** Excerpted data follows **

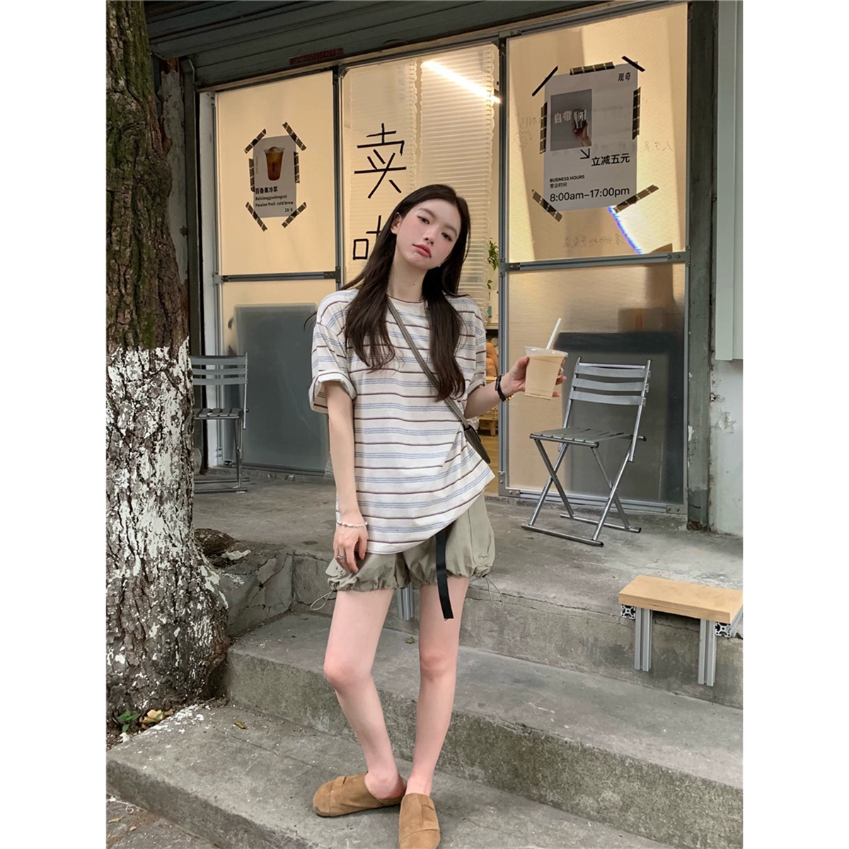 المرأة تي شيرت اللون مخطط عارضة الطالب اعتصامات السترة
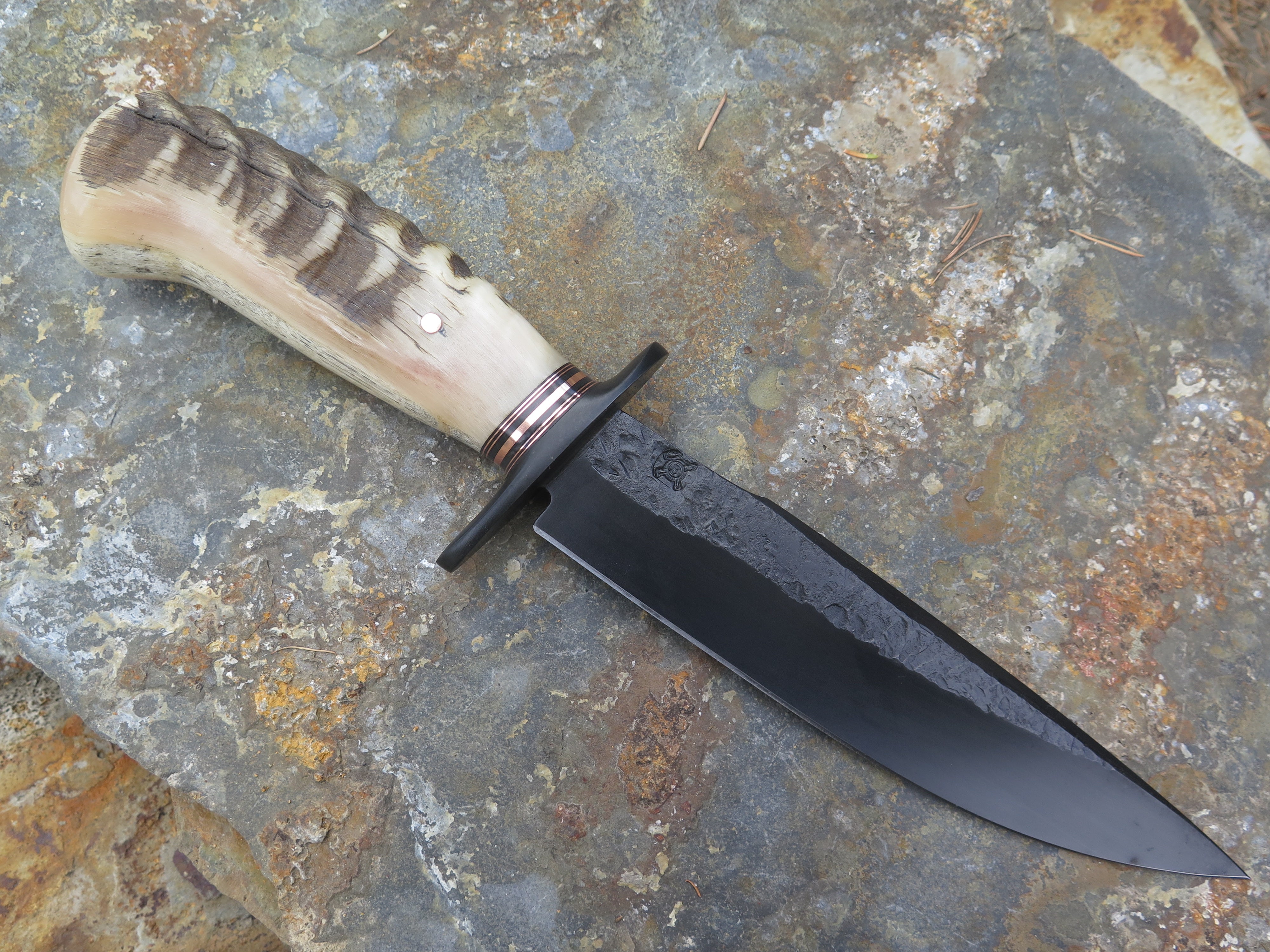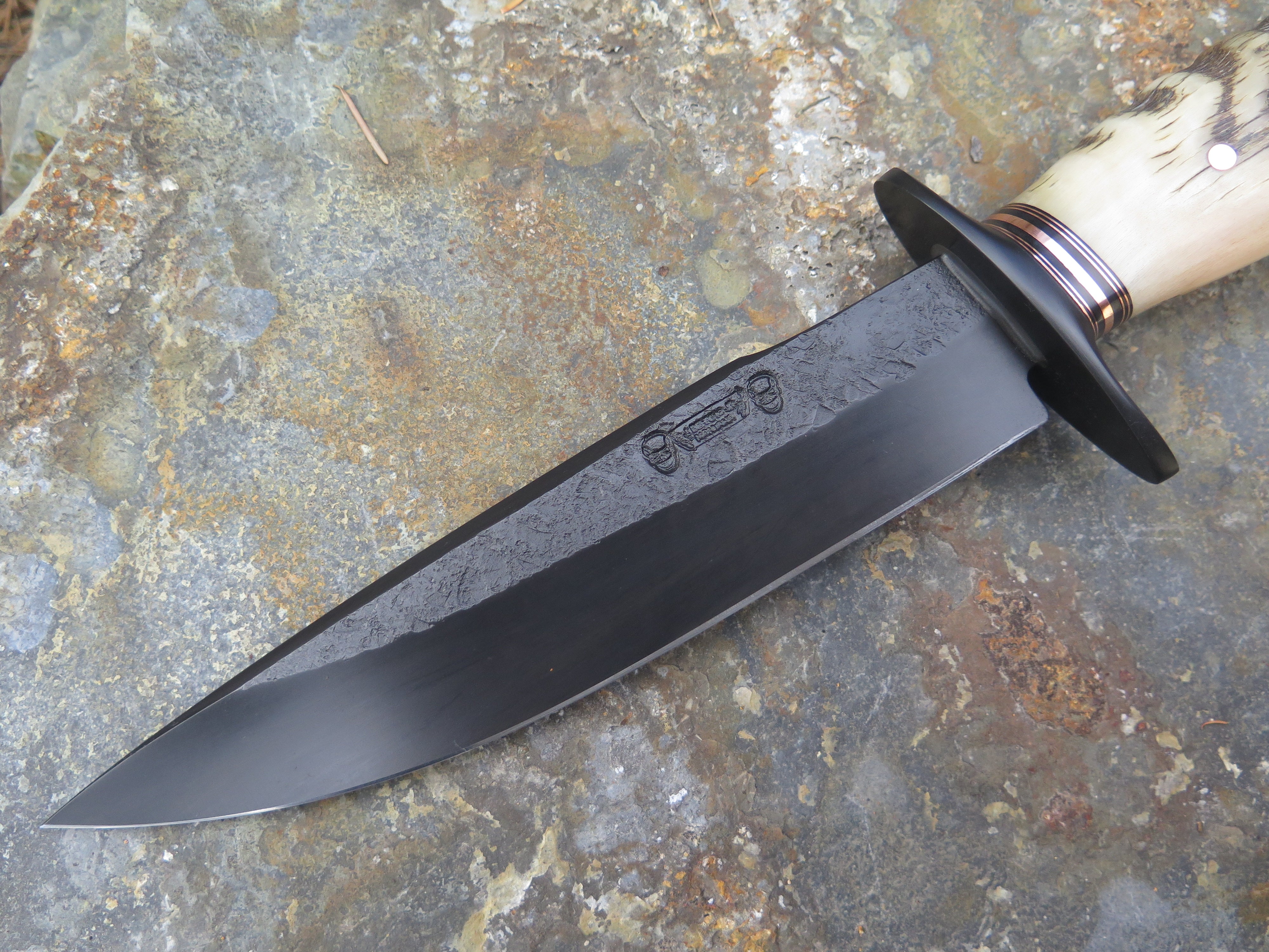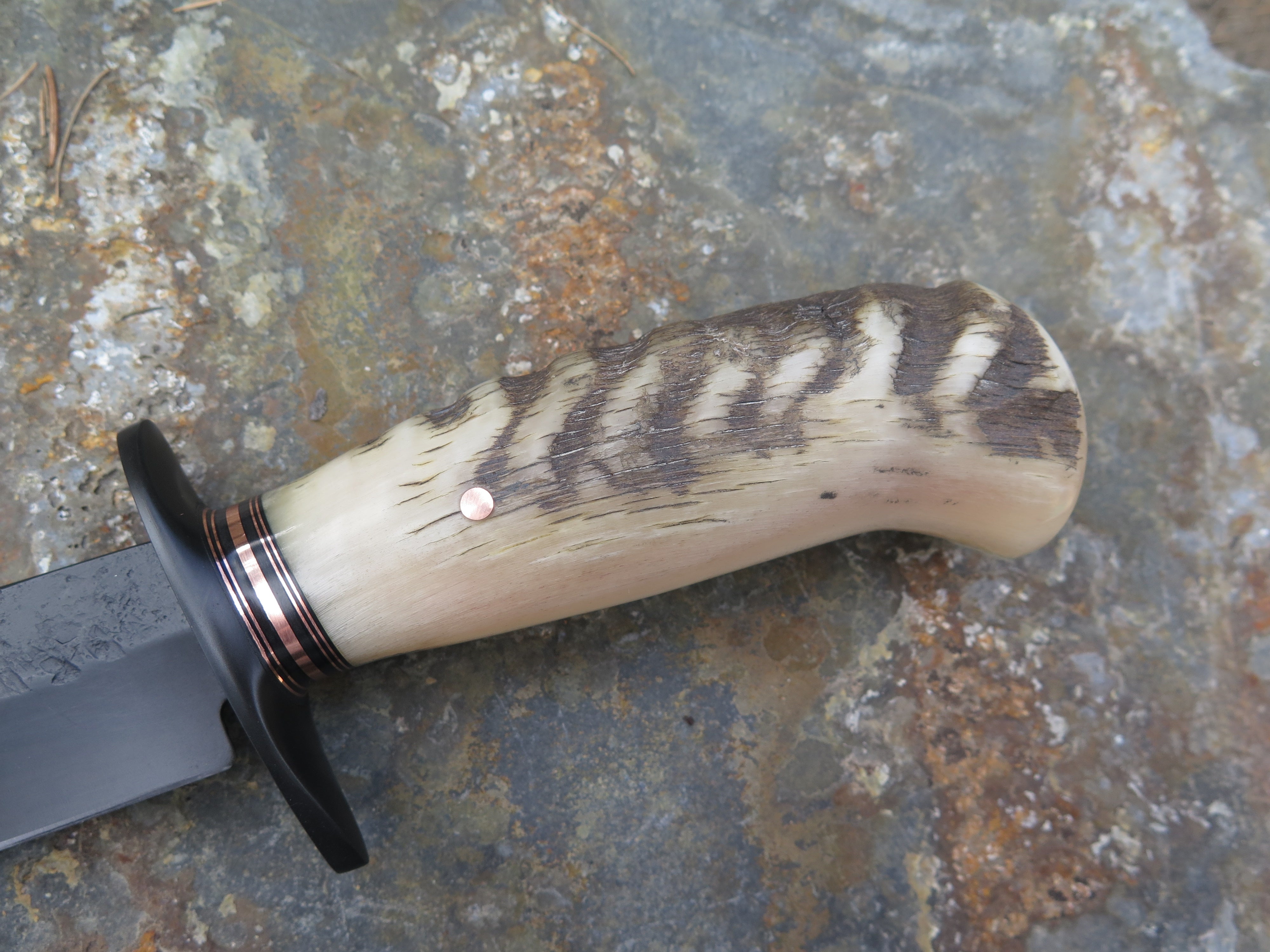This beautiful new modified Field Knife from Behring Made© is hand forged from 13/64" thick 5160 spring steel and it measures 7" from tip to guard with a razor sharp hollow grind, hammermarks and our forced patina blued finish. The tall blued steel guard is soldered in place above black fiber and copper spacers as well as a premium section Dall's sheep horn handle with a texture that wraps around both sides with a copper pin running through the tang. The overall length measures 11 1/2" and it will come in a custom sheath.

** End of Excerpted data **
** Excerpted data follows **

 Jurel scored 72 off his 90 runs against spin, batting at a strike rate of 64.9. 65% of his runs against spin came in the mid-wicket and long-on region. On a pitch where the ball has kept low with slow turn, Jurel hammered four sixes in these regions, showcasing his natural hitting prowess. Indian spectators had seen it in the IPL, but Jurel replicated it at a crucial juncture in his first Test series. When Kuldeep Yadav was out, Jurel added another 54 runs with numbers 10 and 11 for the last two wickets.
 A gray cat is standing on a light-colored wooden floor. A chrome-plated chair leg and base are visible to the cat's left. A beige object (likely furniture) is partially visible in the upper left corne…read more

** End of Excerpted data **
** Excerpted data follows **

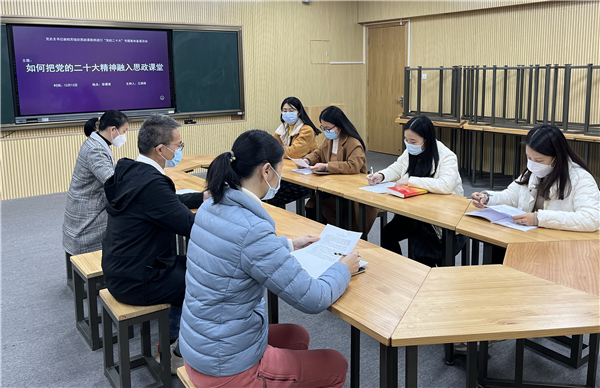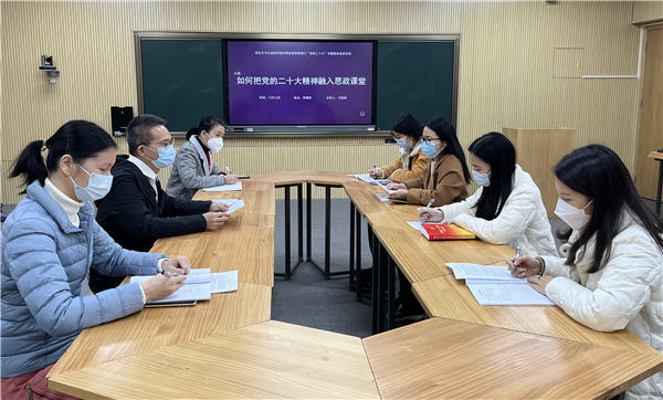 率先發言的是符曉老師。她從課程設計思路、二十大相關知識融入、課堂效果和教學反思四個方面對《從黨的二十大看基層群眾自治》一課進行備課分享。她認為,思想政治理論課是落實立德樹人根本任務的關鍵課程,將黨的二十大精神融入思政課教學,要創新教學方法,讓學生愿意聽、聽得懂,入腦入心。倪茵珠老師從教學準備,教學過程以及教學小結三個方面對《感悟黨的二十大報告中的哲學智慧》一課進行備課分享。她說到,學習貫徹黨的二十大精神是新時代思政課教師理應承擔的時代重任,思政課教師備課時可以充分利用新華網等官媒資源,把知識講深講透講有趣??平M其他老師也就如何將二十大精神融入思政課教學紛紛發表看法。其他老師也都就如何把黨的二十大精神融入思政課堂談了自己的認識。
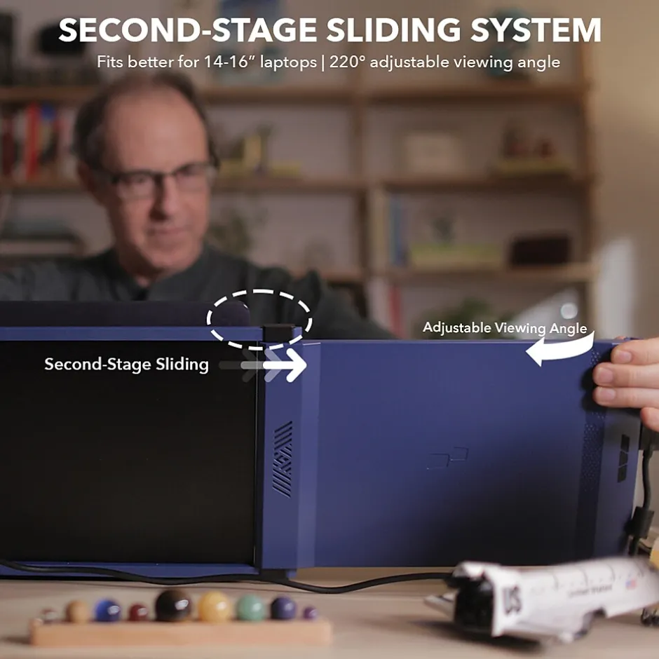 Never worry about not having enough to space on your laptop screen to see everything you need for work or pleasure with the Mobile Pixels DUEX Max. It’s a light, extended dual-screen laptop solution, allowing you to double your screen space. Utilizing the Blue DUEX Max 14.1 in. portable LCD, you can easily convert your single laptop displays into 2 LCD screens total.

** End of Excerpted data **

→ **Task directions**: Take the material above from the line containing "率先發言的是符曉老師。她從課" up to and including the line containing "Never worry about" and retype it exactly, without any pictures.

→ **Solution to the problem**:
 率先發言的是符曉老師。她從課程設計思路、二十大相關知識融入、課堂效果和教學反思四個方面對《從黨的二十大看基層群眾自治》一課進行備課分享。她認為,思想政治理論課是落實立德樹人根本任務的關鍵課程,將黨的二十大精神融入思政課教學,要創新教學方法,讓學生愿意聽、聽得懂,入腦入心。倪茵珠老師從教學準備,教學過程以及教學小結三個方面對《感悟黨的二十大報告中的哲學智慧》一課進行備課分享。她說到,學習貫徹黨的二十大精神是新時代思政課教師理應承擔的時代重任,思政課教師備課時可以充分利用新華網等官媒資源,把知識講深講透講有趣??平M其他老師也就如何將二十大精神融入思政課教學紛紛發表看法。其他老師也都就如何把黨的二十大精神融入思政課堂談了自己的認識。
 Never worry about not having enough to space on your laptop screen to see everything you need for work or pleasure with the Mobile Pixels DUEX Max. It’s a light, extended dual-screen laptop solution, allowing you to double your screen space. Utilizing the Blue DUEX Max 14.1 in. portable LCD, you can easily convert your single laptop displays into 2 LCD screens total.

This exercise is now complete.